Шёлковый шнурок - Малик Владимир Кириллович. Страница 12
— Но и врагами тоже, — слукавил Арсен, не желая углублять спор, грозивший опасными последствиями.
— Не были, говоришь? — Многогрешный от удивления даже глаза вытаращил. — Должно, от страха ты памяти лишился! Ну что ж, я напомню… Хлопцы, — обратился он к своим спутникам, — стащите-ка с него сапоги да угостите палками по пяткам! Пусть потанцует босиком.
Валахи быстро соскочили с коней и кинулись к Арсену. Ещё мгновение — и он будет лежать на земле, а эти сорвиголовы отдубасят его по голым ногам.
— Стойте! — закричал Арсен, выхватывая из-за пазухи бумагу, предусмотрительно заготовленную для него Сафар-беем. — Именем великого визиря приказываю вам — стойте!

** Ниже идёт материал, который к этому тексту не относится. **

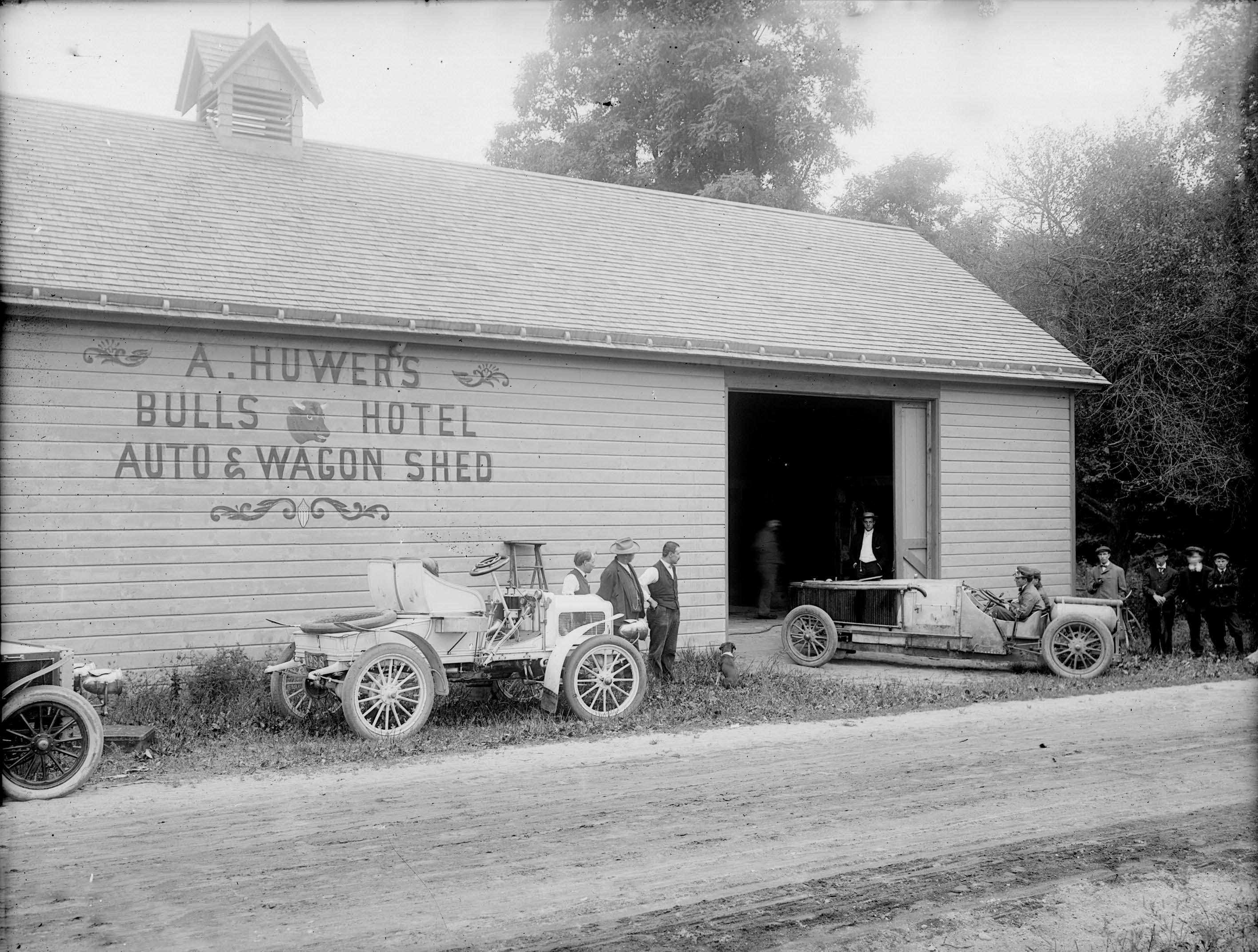 The headquarters for the only non-gasoline racer to participate in the Vanderbilt Cup Races was the Bulls Head Hotel "Auto & Wagon Shed".

Слова о великом визире подействовали магически. Валахи мгновенно остановились, растерянно переглянулись.
Многогрешный неистово заверещал:
— Что же вы!.. Хватайте его!.. — И начал вытягивать из ножен саблю.
Арсен протянул бумагу.
— Кто из вас понимает по-турецки?
— Я! — шагнул вперёд чернявый парень.
— На, читай!
Валах бросил быстрый взгляд на короткую надпись, на печать — и побледнел.
— Братцы, — прошептал он помертвевшими губами, — это чауш великого визиря… Чуть было сами не попали в беду.

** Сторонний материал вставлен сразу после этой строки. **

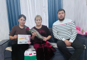 Авыл поселениесининъ яслар ислери, спорт эм маданият бойынша специалисти Асанбий Биякаев эм Калинин авылынынъ китапханасынынъ заведующийи Кумусхан Акбердиева ветераннынъ тул хатынында конакта болдылар. Олар Сагиндиковлардынъ аьлейине коьп ийги соьзлер айтып, савкатлар тапшырдылар. Энъ де маьнелиси, буьгуьнлерде афган согысынынъ ветеранынынъ увылы, сол заманда атасындай болып, Аталыкты саклавда туры, ол согыс спецоперациясында алдышылыкта явга карсы турады, Россиядынъ кызыксынувларын коршалайды. Сол тувыл ма несилден несилге коьширилетаган йигитлик.

— Не может быть! — продолжал бесноваться Многогрешный. — Дай сюда!..
Он выхватил бумагу, повертел перед глазами. Написанного не понял, но печать узнал сразу — и тоже побледнел.
— Проклятье! — процедил сквозь зубы. — Выкрутился, сукин сын! Ну, твоё счастье…
Многогрешный сунул Арсену в руки жёсткий жёлтоватый свиток и поскакал прочь. Валахи помчались за ним.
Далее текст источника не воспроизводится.